I'd ask you to write out the lines below exactly, with no images.
▼
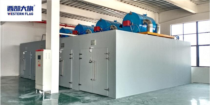 西部大旗燃气热风炉,是通过充分燃烧天然气获得高温气体再混合冷空气达到所需热风等热风炉装置,由于采用的是原装进口的全自动双段火或比调式燃烧机,输出的热风洁净无硫,可满足绝大部分的物料烘干脱水使用。其原理是:燃料通过燃烧器燃烧,产生高温燃气,炉外的冷空气在负压的作用下进入炉体,与高温气体充分混合后被抽出炉体进入烘干房或烘干机内,当热空气温度达到设定值时,大火头停止工作,小火头燃烧维持温度。当热风温度降低到额定的下限温度时,燃烧机大火头又会重新点燃运行,升温的速度可调节进风阀门实现。
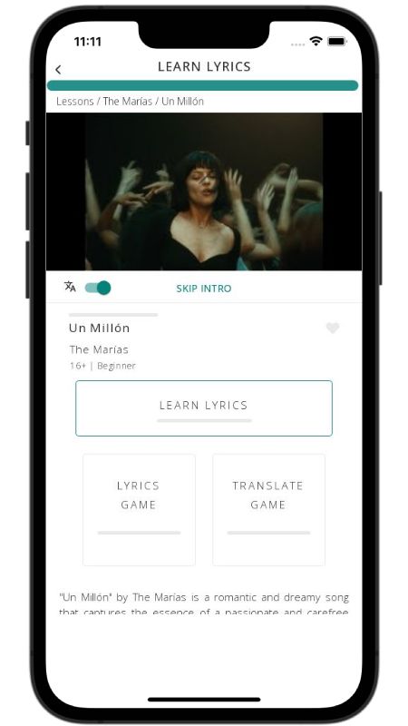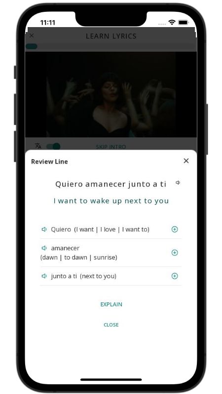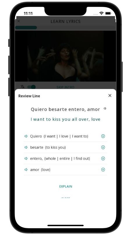 In addition to reading lyric translations, you can now learn Spanish with music and lyrics from your favorite artists.
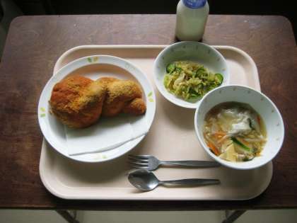 あげパン ワンタンスープ 野菜の中華風味 牛乳
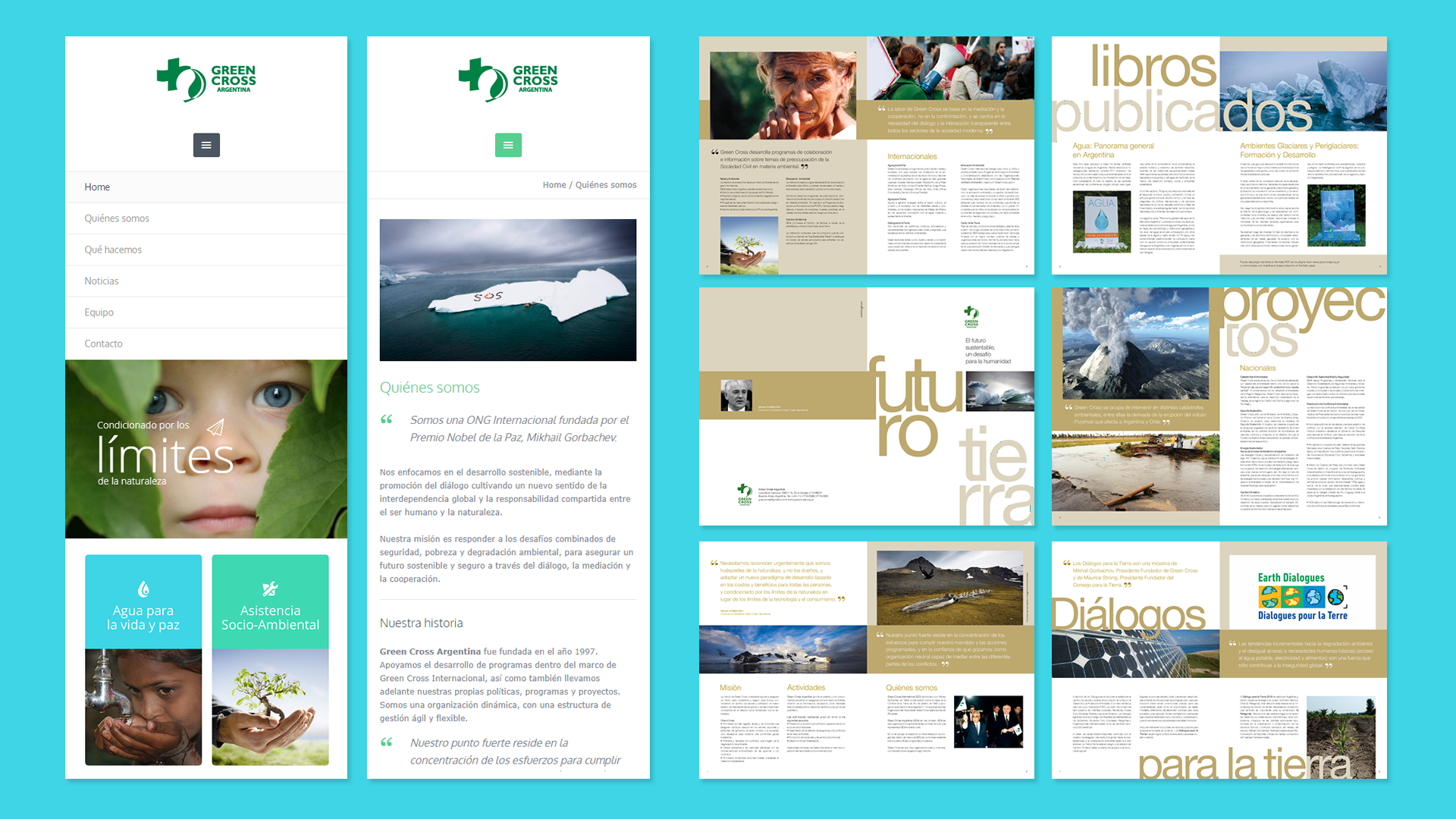 Dicen que es mucho más fácil conseguir clientes nuevos que mantener uno solo a lo largo de los años. ¡Creemos que esto es absolutamente cierto! Green Cross es una ONG internacional fundada por el premio Nobel de la Paz, Mikhail Gorbachev. Centrada en el desarrollo sostenible, fomenta el diálogo y se dedica a la relación entre los seres humanos y la naturaleza. Desde 2005 trabajamos en todas las piezas de su sistema de diseño, nos hemos convertido en parte de la familia Green Cross Argentina. Hemos trabajado en el brochure institucional de la ONG y en todas las piezas gráficas de comunicación que la organización necesitó a lo largo de los años. Con el paso del tiempo y con los cambios en tecnología aplicada al desarrollo web, hemos tenido la oportunidad de diseñar 3 versiones de su sitio web. Esta última versión fue desarrollada íntegramente en Bootstrap. Nuestro trabajo consistió en desarrollar una versión móvil y responsive del sitio web con un blog para su posterior posicionamiento SEO. Nos alegra mucho saber que esta versión web, tanto por su estética minimalista como por su eficiencia en cuanto a experiencia de usuario, haya sido tomada como ejemplo para el diseño de otras páginas de Green Cross alrededor del mundo.
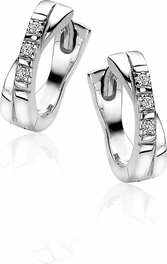 Beste Pirce β ZINZI Zilveren Oorringen 12x3mm Kruislings Wit ZIO2039 π
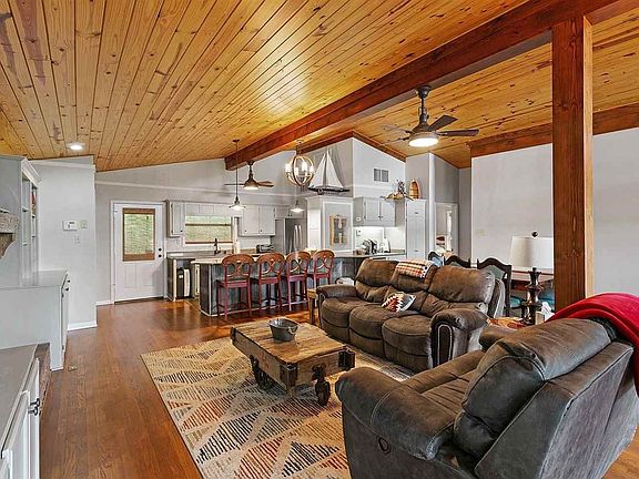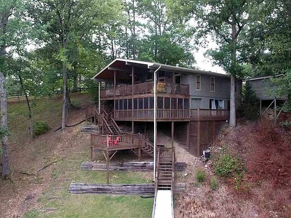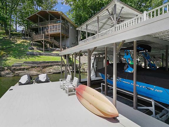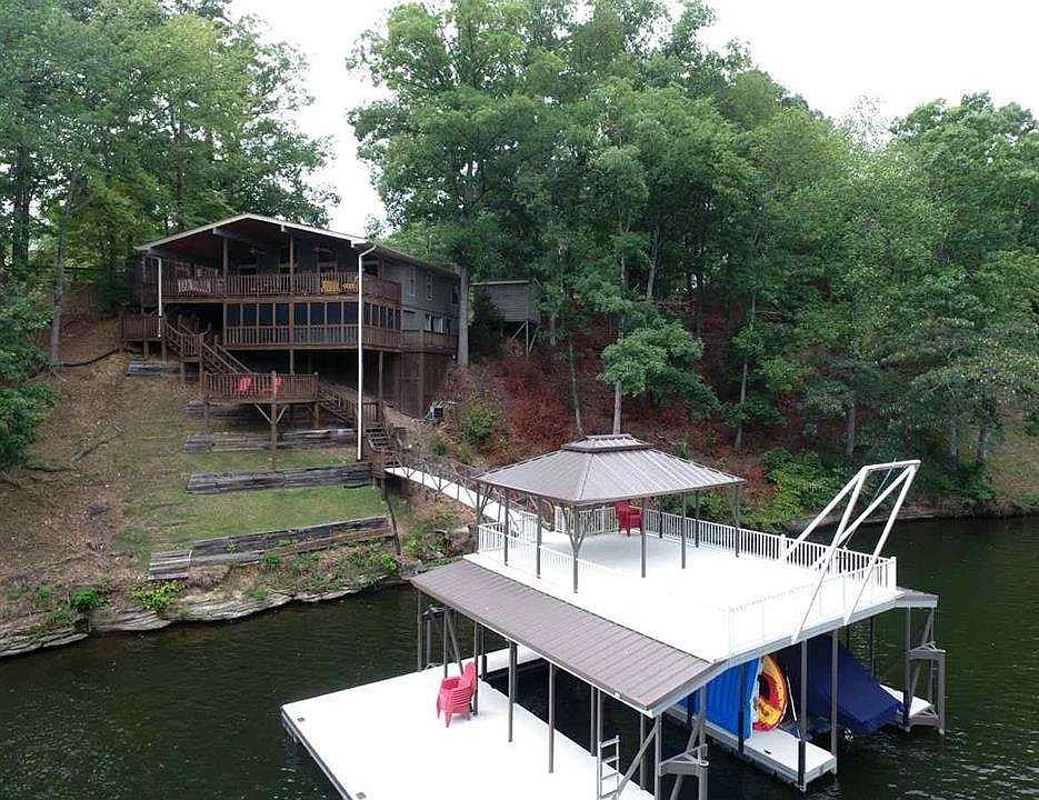 This 4 BR, 3.5 BA Pickwick cabin has been updated & is located in a protected deep water cove with amazing views of Yellow Creek. Interior amenities include an open kitchen/living area with vaulted tongue & groove ceilings, hardwood floors, granite counters & stainless appliances. The great room opens to a large covered deck overlooking the lake. A lower screen porch is just a few steps away from the waters edge. Selling furnished and comes with a private boat dock, boat lifts & sea doo lifts.
▲
Result of the task:
 西部大旗燃气热风炉,是通过充分燃烧天然气获得高温气体再混合冷空气达到所需热风等热风炉装置,由于采用的是原装进口的全自动双段火或比调式燃烧机,输出的热风洁净无硫,可满足绝大部分的物料烘干脱水使用。其原理是:燃料通过燃烧器燃烧,产生高温燃气,炉外的冷空气在负压的作用下进入炉体,与高温气体充分混合后被抽出炉体进入烘干房或烘干机内,当热空气温度达到设定值时,大火头停止工作,小火头燃烧维持温度。当热风温度降低到额定的下限温度时,燃烧机大火头又会重新点燃运行,升温的速度可调节进风阀门实现。
 In addition to reading lyric translations, you can now learn Spanish with music and lyrics from your favorite artists.
 あげパン ワンタンスープ 野菜の中華風味 牛乳
 Dicen que es mucho más fácil conseguir clientes nuevos que mantener uno solo a lo largo de los años. ¡Creemos que esto es absolutamente cierto! Green Cross es una ONG internacional fundada por el premio Nobel de la Paz, Mikhail Gorbachev. Centrada en el desarrollo sostenible, fomenta el diálogo y se dedica a la relación entre los seres humanos y la naturaleza. Desde 2005 trabajamos en todas las piezas de su sistema de diseño, nos hemos convertido en parte de la familia Green Cross Argentina. Hemos trabajado en el brochure institucional de la ONG y en todas las piezas gráficas de comunicación que la organización necesitó a lo largo de los años. Con el paso del tiempo y con los cambios en tecnología aplicada al desarrollo web, hemos tenido la oportunidad de diseñar 3 versiones de su sitio web. Esta última versión fue desarrollada íntegramente en Bootstrap. Nuestro trabajo consistió en desarrollar una versión móvil y responsive del sitio web con un blog para su posterior posicionamiento SEO. Nos alegra mucho saber que esta versión web, tanto por su estética minimalista como por su eficiencia en cuanto a experiencia de usuario, haya sido tomada como ejemplo para el diseño de otras páginas de Green Cross alrededor del mundo.
 Beste Pirce β ZINZI Zilveren Oorringen 12x3mm Kruislings Wit ZIO2039 π
 This 4 BR, 3.5 BA Pickwick cabin has been updated & is located in a protected deep water cove with amazing views of Yellow Creek. Interior amenities include an open kitchen/living area with vaulted tongue & groove ceilings, hardwood floors, granite counters & stainless appliances. The great room opens to a large covered deck overlooking the lake. A lower screen porch is just a few steps away from the waters edge. Selling furnished and comes with a private boat dock, boat lifts & sea doo lifts.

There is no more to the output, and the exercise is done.